The use of nudges in public policy has exploded in recent years in a variety of sectors ranging from healthy eating to paying taxes on time. Nudges, and particularly social comparisons, are now heavily utilized to improve environmental outcomes including energy and water conservation. Previous research has established some consistent features of SCMs in water and energy; they typically generate small aggregate treatment effects that are concentrated among high-use households. These findings have led to policy recommendations to improve the cost-effectiveness of nudges by targeting high-use households (Ferraro and Miranda 2013). More sophisticated targeting rules also attempt to optimize welfare improvements as opposed to conservation per dollar (Allcott and Kessler 2019). However, there is still uncertainty about why high-use households are more responsive. With traditional SCMs, high-use households may have lower opportunity costs of conservation and they are also more likely to receive strong normative messages conveying that inappropriate use relative to their peers. Additionally, most of the discussions of targeting have focused on the traditional social comparison as opposed to potentially new information treatments. Without disentangling the mechanisms it is difficult to consider more sophisticated targeting rules that allow nudges to be effective among lower-use households.

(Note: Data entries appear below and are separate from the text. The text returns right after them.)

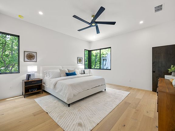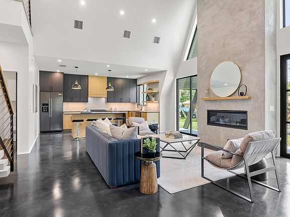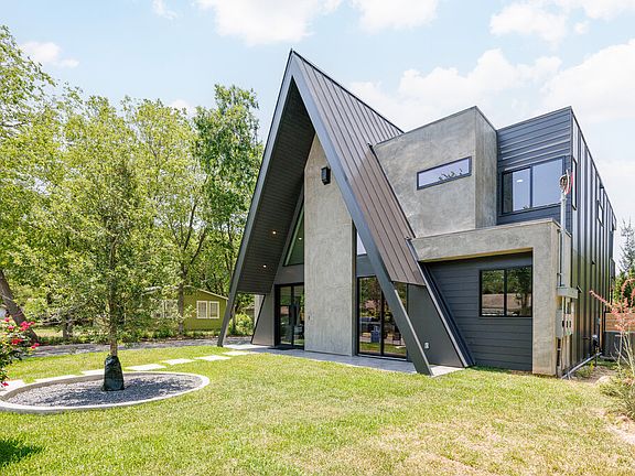 If you've been searching for a one-of-a-kind home that blends sleek modern design with timeless mid-century charm, your search ends here. Meticulously crafted with creativity, this stunning A-frame residence offers the perfect balance of style, space, and convenience. Just a short drive to downtown and the airport in the sought-after S. Manchaca neighborhood. From the moment you enter, you'll be captivated by the 30-foot ceilings and natural light. Custom steel railings, rich wood tones, and thoughtfully selected tilework create a warm yet contemporary ambiance. The open-concept main floor seamlessly connects the living, dining, and kitchen areas. A spacious utility room and a secondary bedroom with a full bath (leading to a covered porch and private backyard) complete this level. Admire the floor-to-ceiling stucco fireplace and exposed wood rafters that highlight the home's striking A-frame design. The generous primary suite features a spa-like bathroom and a walk-in closet. Two additional bedrooms one currently configured as a second living space with a beverage fridge and bar share a Jack and Jill style bathroom. This versatile area can easily be converted into a private fourth bedroom, adapting to your needs. Step out onto the covered balcony and soak in the serene surroundings. Nestled in a vibrant neighborhood, this home is just a short bike or scooter ride away from the hottest restaurants and entertainment along S. Lamar and S. 1st. Whether you're hosting gatherings or enjoying quiet evenings in your secluded backyard, this home offers the perfect blend of urban convenience and tranquil retreat.
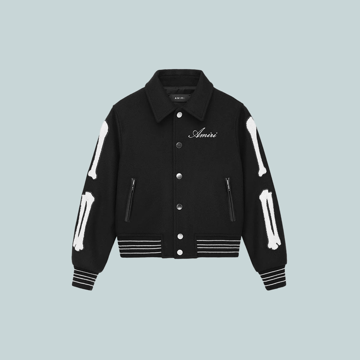 A renegade take on a classic outerwear silhouette emerges as a definitive house icon. The Bones Jacket is crafted in wool with chenille bone appliqué and finished with welt zipper pockets, striped rib accents and classic snap front closure alongside the embroidered AMIRI script logo at chest.
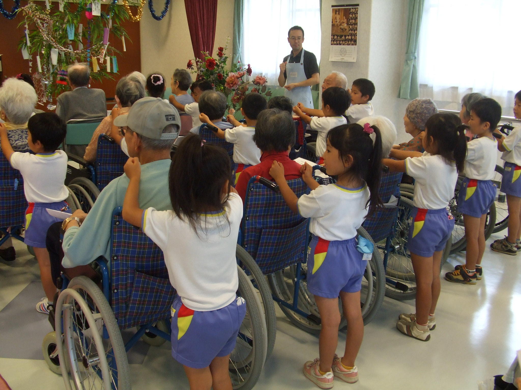 ひまわりぐみの子どもたちが、カトレア三木のみなさんに「七夕マリンバコンサート」のご招待を頂きました。あまり聴き慣れないマリンバの音色に耳を傾ける子どもたち。知っている曲が出てくると大きな声で歌っていました。みせて頂いたお礼に、歌や手遊びを披露しました。おじいさん・おばあさんと一緒に歌をうたったり、遊んだりとても楽しい時間を過ごしました。肩たたきも上手にしていましたよ。カトレア三木のみなさんありがとうございました。
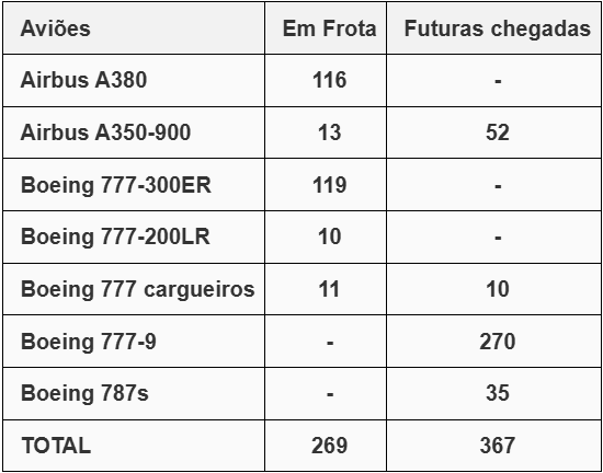 Ao longo dos seus 40 anos de história, a Emirates operou todos os modelos da família Boeing 777 e, hoje, possui a maior frota de 777 do mundo, equipada com motores GE90. Os 119 Boeing 777-300ER, 10 Boeing 777-200LR e 11 Boeing 777 cargueiros da Emirates ligam o Dubai a mais de 140 cidades e facilitam o tráfego de comércio, negócios e turismo em seis continentes.

We develop a new SCM where the comparison is in terms of percentage reduction in water use as opposed to absolute water use. This SCM allows more low-user households to receive messages that they are performing worse than their peers. This SCM is also related to the opportunity cost of conservation, whereby a household’s capacity to respond to new conservation policies depends on their past water conservation actions. Similar to other studies, we find high pre-treatment water use is the primary driver of treatment heterogeneity for the standard SCM in gallons, however prior conservation is the dominant form of heterogeneity for the new SCM in percentage terms. One explanation is that where high pre-treatment water use best explains who receive strong normative message (doing worse than one’s peers) for traditional SCMs, prior conservation is a better predictor of the strength of the normative message in the new SCM in percentage terms.

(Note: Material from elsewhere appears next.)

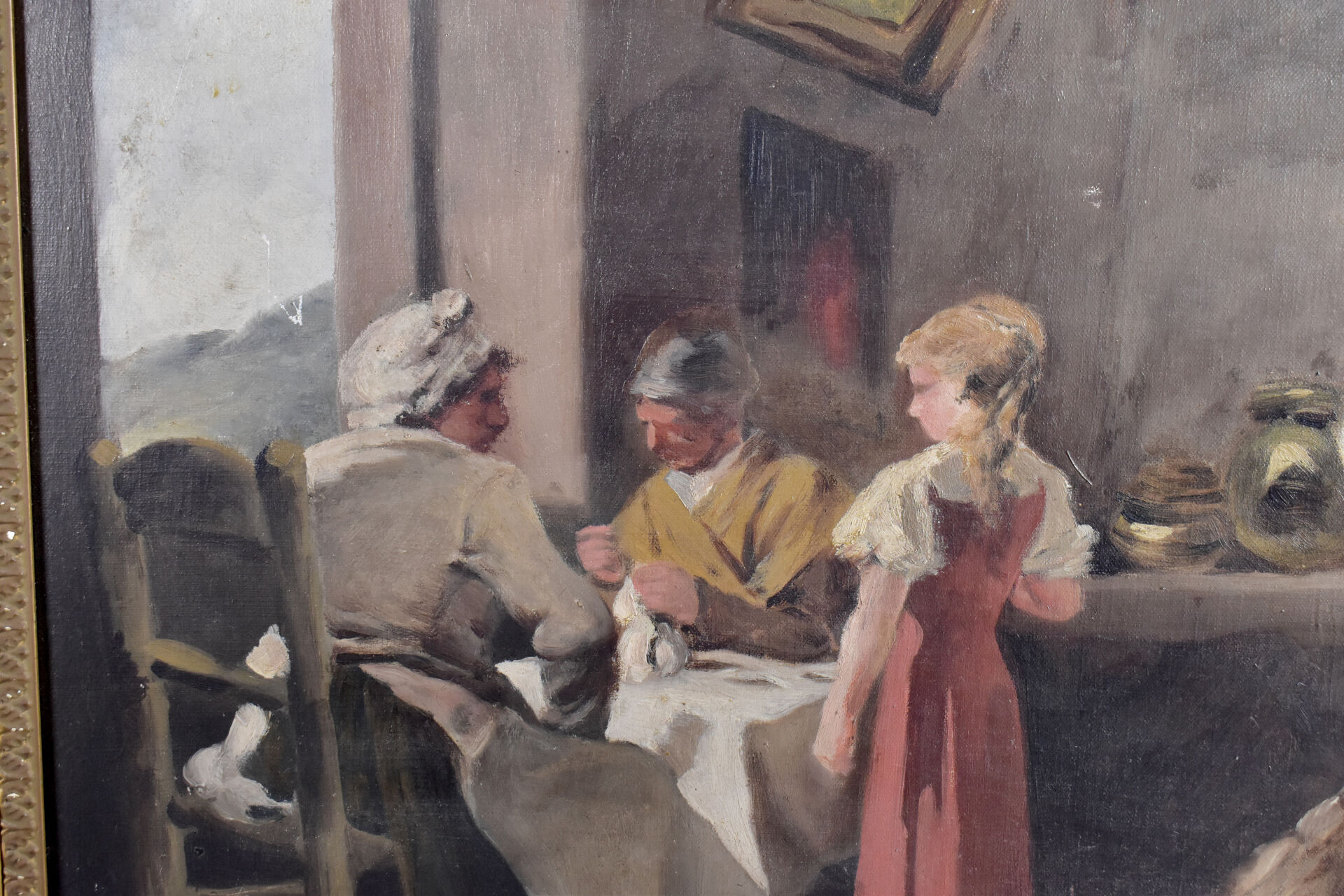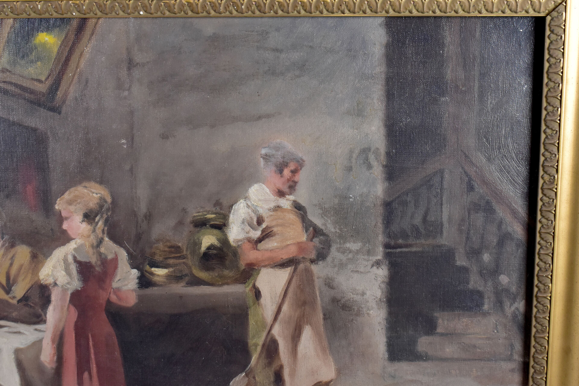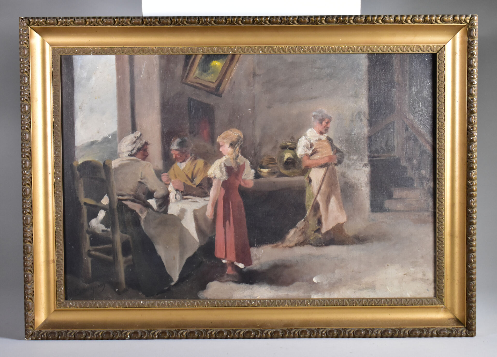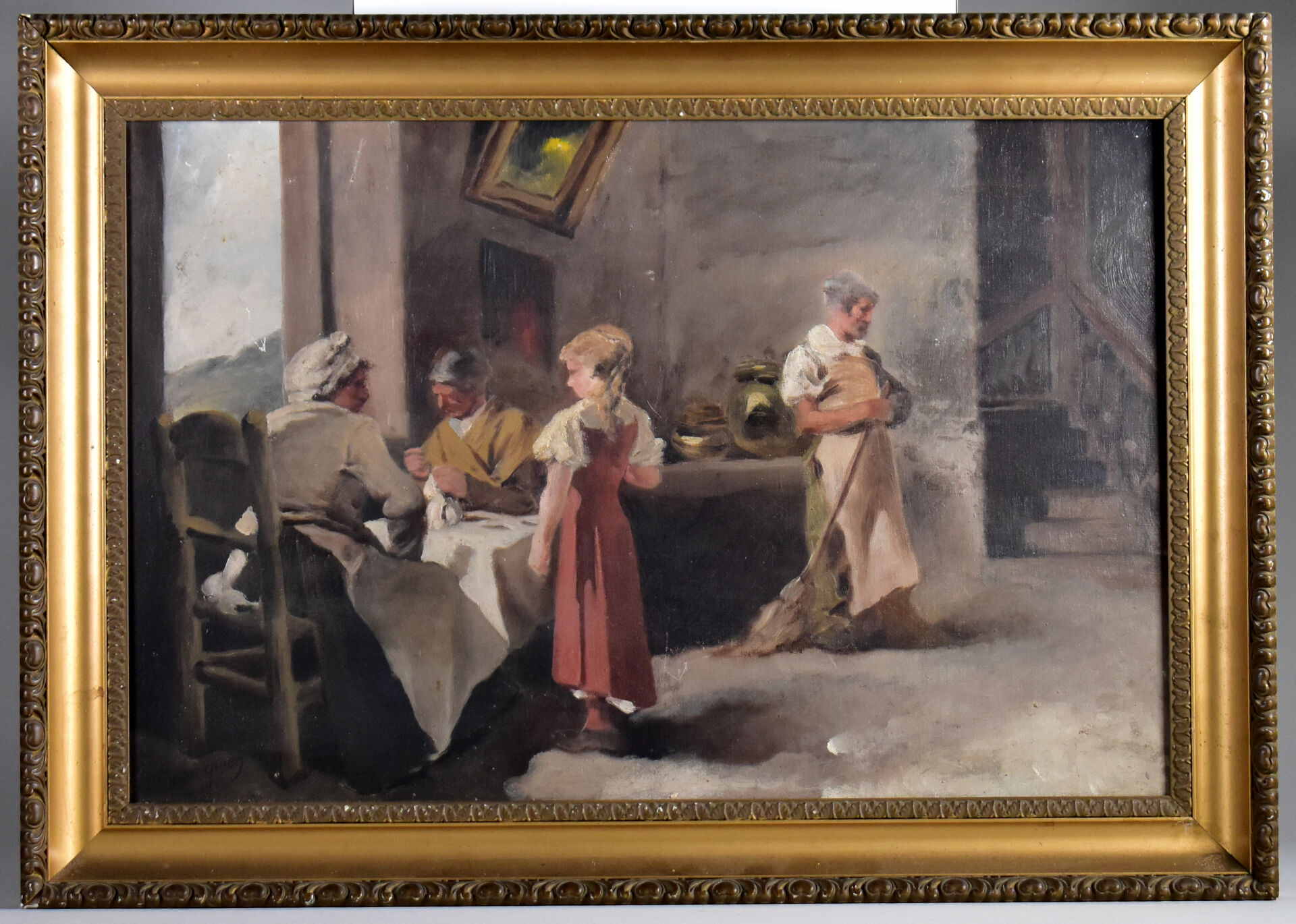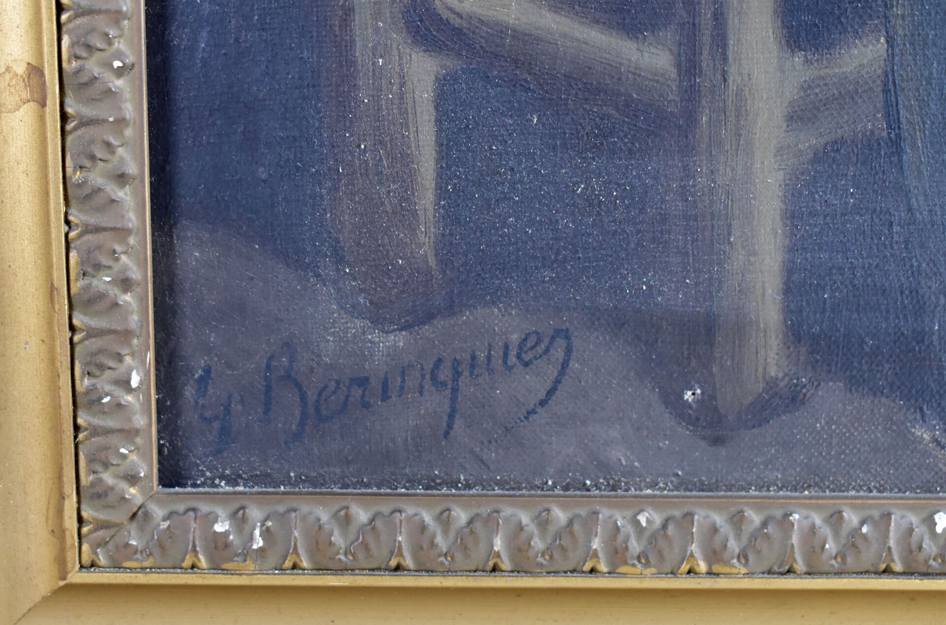 Gabriel BERINGUIER (1842-1913). Scène d’intérieur. Huile sur toile signée en bas à gauche. 40 x 61 cm.

The findings have important policy implications for utilities using nudges to help manage drought. By targeting our two nudges to households based on pre-treatment water use and prior conservation—both of which are easily calculated with billing data—the aggregate treatment effect increases by 38%. This increase is possible because while the traditional SCMs are typically not effective among below-median water users, our new SCM is effective among the subset of this group who have not responded to prior conservation efforts.

One caveat of our research is that we are unable to fully disentangle the mechanisms that explain our results. We believe the most compelling explanation is that consumers are responding to the strength of the normative message. This explains why prior conservation affects treatment heterogeneity in the SCM in percentage terms but not the traditional SCM. However, the possibility still exists that prior conservation itself dictates the effectiveness of conservation policies. Future research should help disentangle these results by developing better metrics for the opportunity cost of conservation using high frequency metering data (Mayer 2016).